▶ **TASK INSTRUCTIONS**
Would you copy out the following entries exactly, without any of the pictures?

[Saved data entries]
********

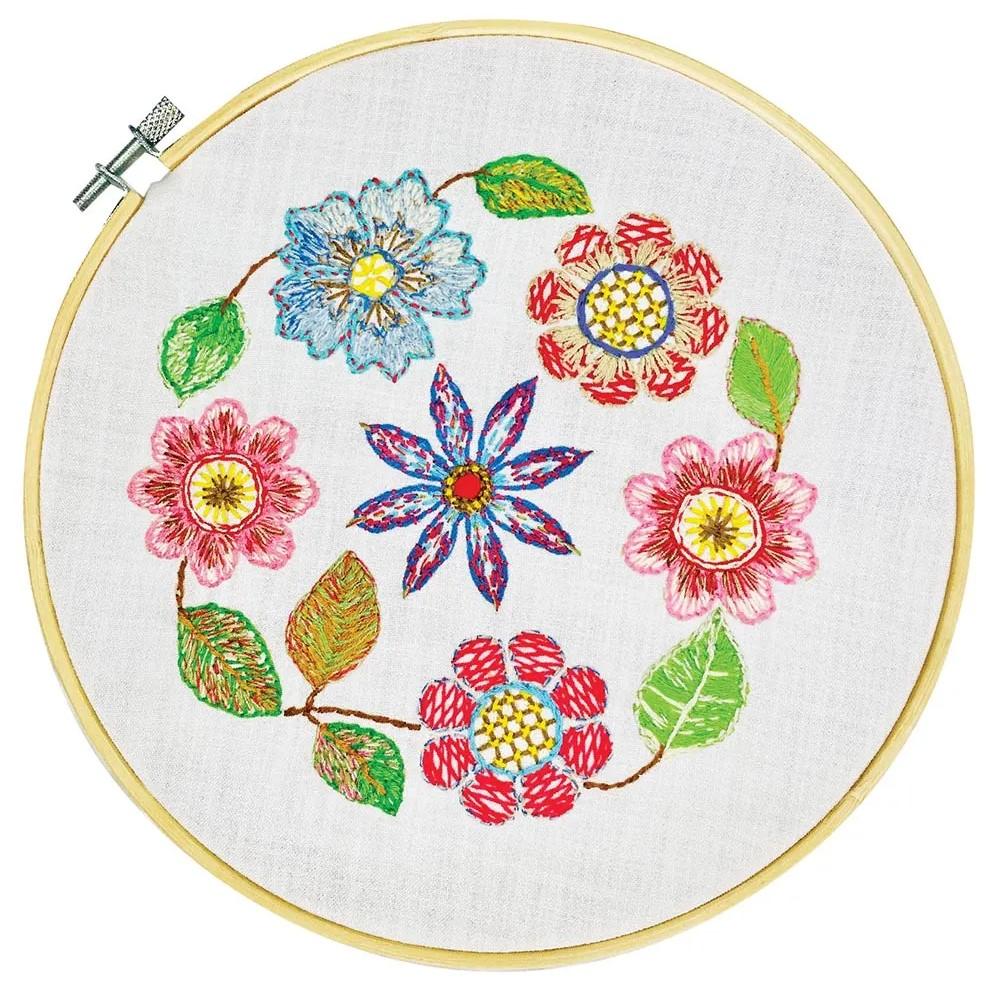 Ce kit vous permet de broder un motif joyeux orné de fleurs colorées.
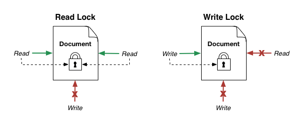Figure 1: A read lock allows reads by other transactions but blocks other writes. A write lock blocks reads and writes by other transactions.
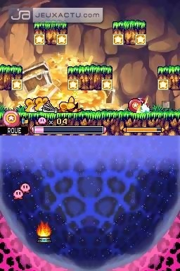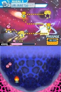 Les fans du premier opus DS peuvent aller se rhabiller. Ici, on n’oublie tous les acquis de 2005, et on reprend les bonnes recettes vieilles de plus d’une décennie. Kirby : Mouse Attack est ce qu’on peut appeler un retour aux sources. S'il est regrettable que les développeurs aient amorcé ce virage à 180 degrés, avouons néanmoins que malgré l’intermède Kirby : Le Pinceau du Pouvoir, ils ont entièrement gardé leur savoir-faire. Notre boule rose se révèle toujours aussi agréable à manier, ce qui est tout de même un élément fondamental dans un jeu de plates-formes. Le titre développé par HAL Laboratory est cependant d’un classicisme vraiment effrayant. Kirby, notre petit personnage tout rond tout rose a ici retrouvé ses membres, plus besoin donc de le guider à la pointe de notre stylet. Stylet d’ailleurs qu’on aura tôt fait de ranger dans l’emplacement prévu par la console. Si l’ami Kirby a retrouvé ses bras et ses jambes, il a aussi récupéré l’intégralité de sa force, celle qui a fait toute la renommée de la série et celle à la base de ce gameplay particulier, gober ses ennemis pour pouvoir profiter de leurs compétences. En plus des classiques pouvoirs élémentaires, on en trouvera d’autres beaucoup plus originaux voire insolites. Kirby pourra jouer au magicien, à Ryu de Street Fighter et même à l’elfe le plus connu du jeu vidéo, Link. Ajoutez à cela des pouvoirs qu’on obtient uniquement en fusionnant deux items, comme par exemple l’épée et le feu qui donne… l’épée de feu, et ce n’est pas loin d’une trentaine de choix qui s’offre à vous. Cette grande diversité n’influera malheureusement que très peu sur votre parcours, si certains types d’attaques sont plus efficaces en fonction des boss, vous vous en tirerez en général sans problème quelques soit le pouvoir utilisé. Reste que certaines compétences précises permettront de déclencher des mécanismes ou d’accéder à certains endroits. Soit.
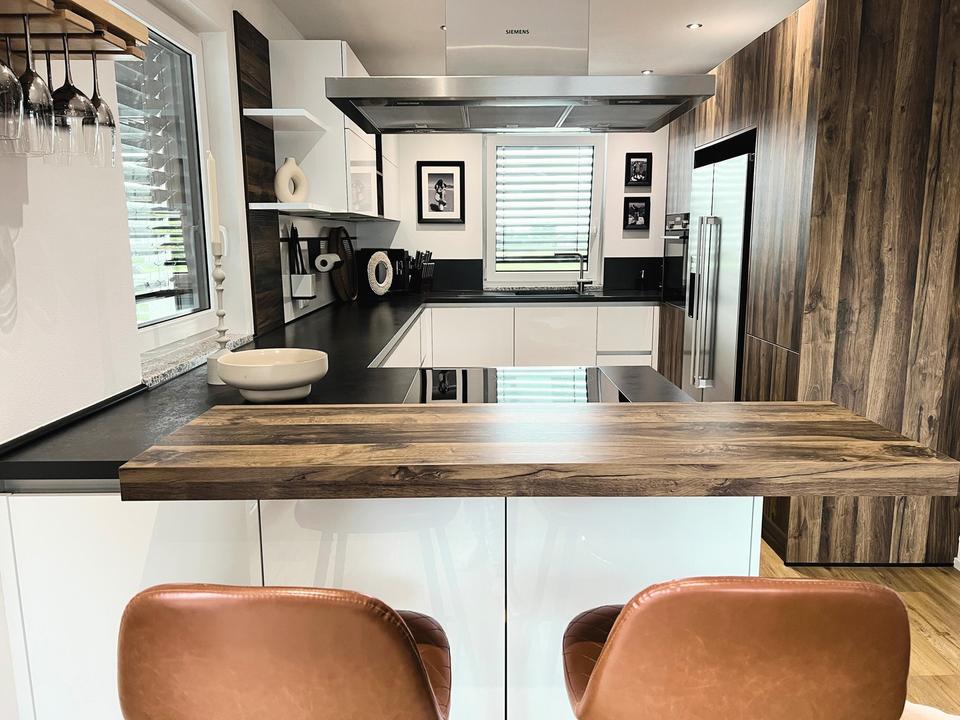 In der unteren Etage der Maisonette-Wohnung erwartet Sie ein großzügiger, offen gestalteter Wohn- und Essbereich. Die moderne, maßgefertigte Küche mit Thekenfront & Sitzmöglichkeit im offenen Design und hochwertigem Side-by-Side-Kühlschrank, ist nicht nur ein funktionales Highlight, sondern auch ein echter Blickfang – perfekt für gesellige Abende und kulinarische Momente.
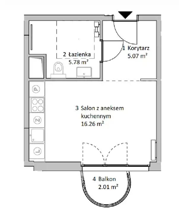 - Charakterystyka mieszkania 27.17 m2, 2 pokoje
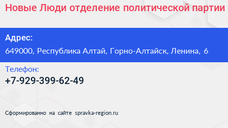 Новые Люди, отделение политической партии по адресу 649000, Республика Алтай, Горно-Алтайск, Ленина, 6 в дальнейшем Организация, размещена в следующих категориях:
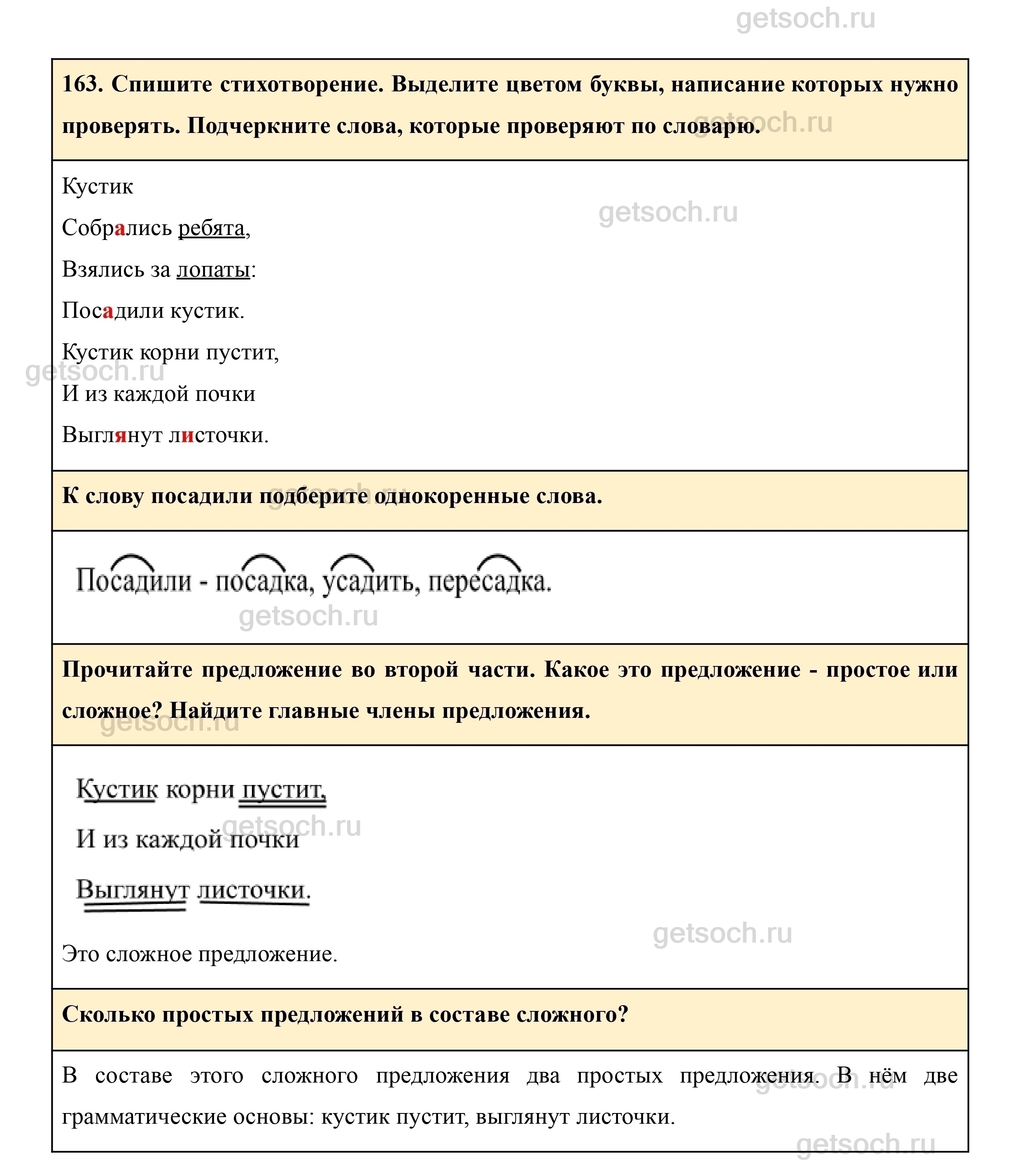 163. Спишите стихотворение. Выделите цветом буквы, написание которых нужно проверять. Подчеркните слова, которые проверяют по словарю.
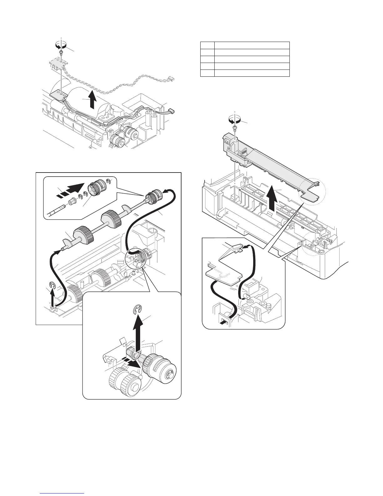 38) Remove two E-rings and remove the paper feed roller.
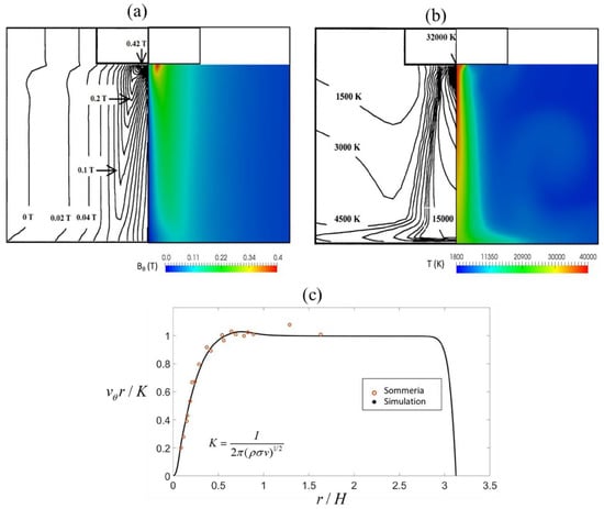 The temperature of the cathode spot is set to be constant and equal to 4000 K. The top side and bottom are considered to be thermally adiabatic. A high temperature of the cathode spot is required to sustain a high current density [31,32]. The current density at the cathode spot is assumed to be constant and equal to 4.4 × 107 A/m2 [7] for a total current of 5 kA. This gives a cathode spot size of 0.0061 m, as shown in Figure 1. Table 1 summarizes the boundary condition of the domain. The position of the cathode spot is set to be fixed in the center of the cathode electrode. No external magnetic field is present to interact with the applied current in this study.

********

▶ **OUTPUT FOR THIS TASK**
 Ce kit vous permet de broder un motif joyeux orné de fleurs colorées.
Figure 1: A read lock allows reads by other transactions but blocks other writes. A write lock blocks reads and writes by other transactions.
 Les fans du premier opus DS peuvent aller se rhabiller. Ici, on n’oublie tous les acquis de 2005, et on reprend les bonnes recettes vieilles de plus d’une décennie. Kirby : Mouse Attack est ce qu’on peut appeler un retour aux sources. S'il est regrettable que les développeurs aient amorcé ce virage à 180 degrés, avouons néanmoins que malgré l’intermède Kirby : Le Pinceau du Pouvoir, ils ont entièrement gardé leur savoir-faire. Notre boule rose se révèle toujours aussi agréable à manier, ce qui est tout de même un élément fondamental dans un jeu de plates-formes. Le titre développé par HAL Laboratory est cependant d’un classicisme vraiment effrayant. Kirby, notre petit personnage tout rond tout rose a ici retrouvé ses membres, plus besoin donc de le guider à la pointe de notre stylet. Stylet d’ailleurs qu’on aura tôt fait de ranger dans l’emplacement prévu par la console. Si l’ami Kirby a retrouvé ses bras et ses jambes, il a aussi récupéré l’intégralité de sa force, celle qui a fait toute la renommée de la série et celle à la base de ce gameplay particulier, gober ses ennemis pour pouvoir profiter de leurs compétences. En plus des classiques pouvoirs élémentaires, on en trouvera d’autres beaucoup plus originaux voire insolites. Kirby pourra jouer au magicien, à Ryu de Street Fighter et même à l’elfe le plus connu du jeu vidéo, Link. Ajoutez à cela des pouvoirs qu’on obtient uniquement en fusionnant deux items, comme par exemple l’épée et le feu qui donne… l’épée de feu, et ce n’est pas loin d’une trentaine de choix qui s’offre à vous. Cette grande diversité n’influera malheureusement que très peu sur votre parcours, si certains types d’attaques sont plus efficaces en fonction des boss, vous vous en tirerez en général sans problème quelques soit le pouvoir utilisé. Reste que certaines compétences précises permettront de déclencher des mécanismes ou d’accéder à certains endroits. Soit.
 In der unteren Etage der Maisonette-Wohnung erwartet Sie ein großzügiger, offen gestalteter Wohn- und Essbereich. Die moderne, maßgefertigte Küche mit Thekenfront & Sitzmöglichkeit im offenen Design und hochwertigem Side-by-Side-Kühlschrank, ist nicht nur ein funktionales Highlight, sondern auch ein echter Blickfang – perfekt für gesellige Abende und kulinarische Momente.
 - Charakterystyka mieszkania 27.17 m2, 2 pokoje
 Новые Люди, отделение политической партии по адресу 649000, Республика Алтай, Горно-Алтайск, Ленина, 6 в дальнейшем Организация, размещена в следующих категориях:
 163. Спишите стихотворение. Выделите цветом буквы, написание которых нужно проверять. Подчеркните слова, которые проверяют по словарю.
 38) Remove two E-rings and remove the paper feed roller.
 The temperature of the cathode spot is set to be constant and equal to 4000 K. The top side and bottom are considered to be thermally adiabatic. A high temperature of the cathode spot is required to sustain a high current density [31,32]. The current density at the cathode spot is assumed to be constant and equal to 4.4 × 107 A/m2 [7] for a total current of 5 kA. This gives a cathode spot size of 0.0061 m, as shown in Figure 1. Table 1 summarizes the boundary condition of the domain. The position of the cathode spot is set to be fixed in the center of the cathode electrode. No external magnetic field is present to interact with the applied current in this study.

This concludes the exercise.